Background: Multiple studies in adults have shown that osteochondral allograft transplantation is an effective treatment option for large chondral and osteochondral defects of the knee. Limited outcome data are available on osteochondral allografts in the pediatric and adolescent patient populations.
Purpose: To describe a 28-year experience with osteochondral allograft transplantation in patients younger than 18 years with a focus on subjective outcome measures, return to activities, and allograft survivorship.
Study design: Case series; Level of evidence, 4.
Methods: A total of 39 patients (43 knees) underwent fresh osteochondral allograft transplantation for treatment of chondral and osteochondral lesions. Twenty-six male and 17 female knees with a mean age of 16.4 years (range, 11.0-17.9 years) at index surgery were followed-up at a mean of 8.4 years (range, 1.7-27.1 years). Thirty-four knees (79%) had at least 1 previous surgery. The most common underlying causes of the lesions were osteochondritis dissecans (61%), avascular necrosis (16%), and traumatic chondral injury (14%).
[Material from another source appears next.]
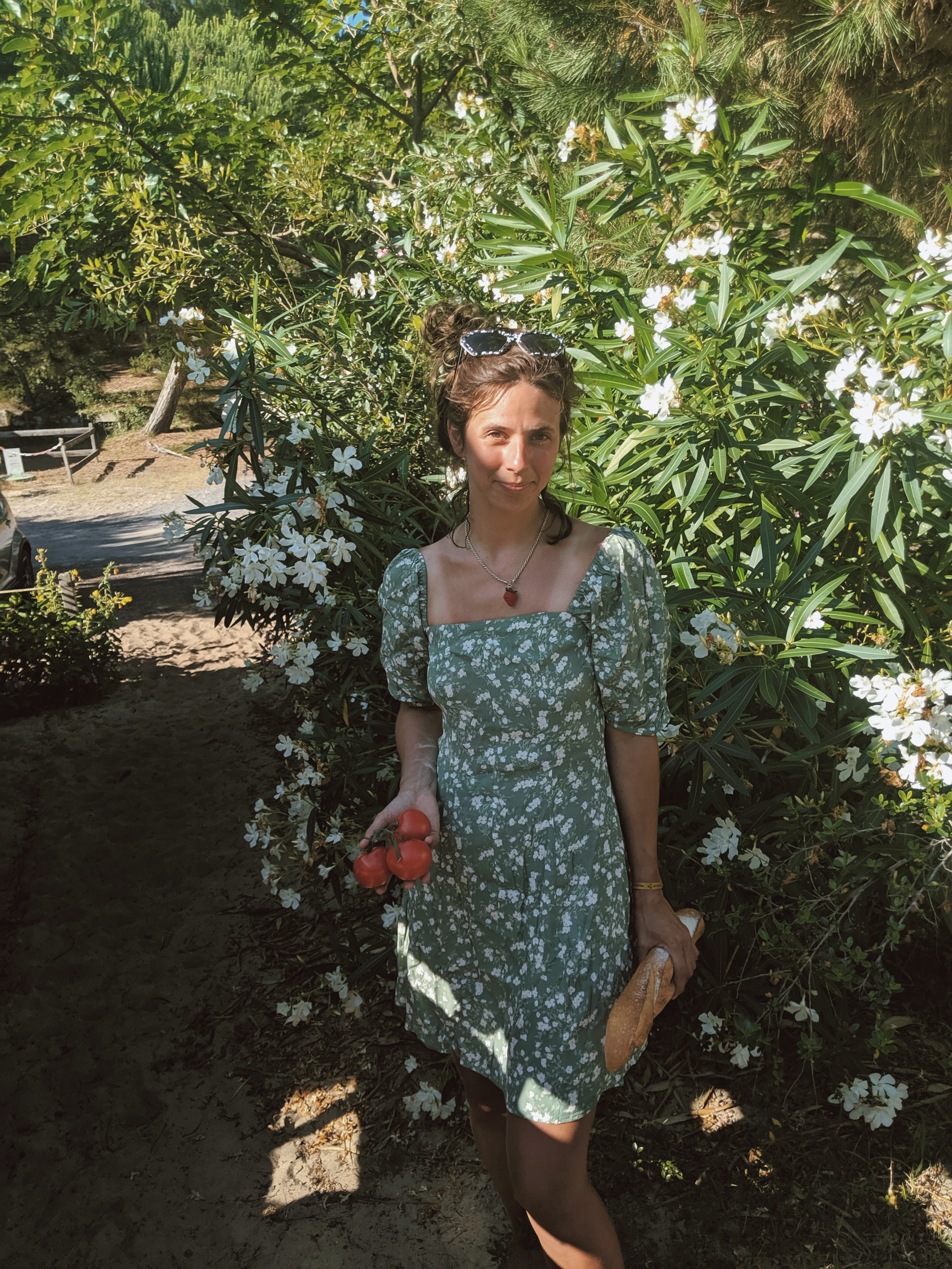 Kleid: Von Mama, Sandalen: COS, Fußband: Kette von Tussi Studio

Mean allograft size was 8.4 cm(2). The most common allograft location was the medial femoral condyle (41.9%), followed by the lateral femoral condyle (35%). Each patient was evaluated with the International Knee Documentation Committee pain, function, and total scores; a modified Merle d'Aubigné-Postel (18-point) scale; and Knee Society function score. Failure was defined as revision osteochondral allograft or conversion to arthroplasty.
Results: Five knees experienced clinical failure at a median of 2.7 years (range, 1.0-14.7 years). Four failures were salvaged successfully with another osteochondral allograft transplant. One patient underwent prosthetic arthroplasty 8.6 years after revision allograft. Graft survivorship was 90% at 10 years. Of the knees whose grafts were in situ at latest follow-up, 88% were rated good/excellent (18-point scale). The mean International Knee Documentation Committee scores improved from 42 preoperatively to 75 postoperatively, and the Knee Society function score improved from 69 to 89 (both P < .05). Eighty-nine percent of patients reported "extremely satisfied" or "satisfied."
Conclusion: With 88% good/excellent results and 80% salvage rate of clinical failures with an additional allograft, osteochondral allograft transplantation is a useful treatment option in pediatric and adolescent patients.
Keywords: adolescent; cartilage; fresh osteochondral allograft transplantation; knee; osteochondral defect; pediatric.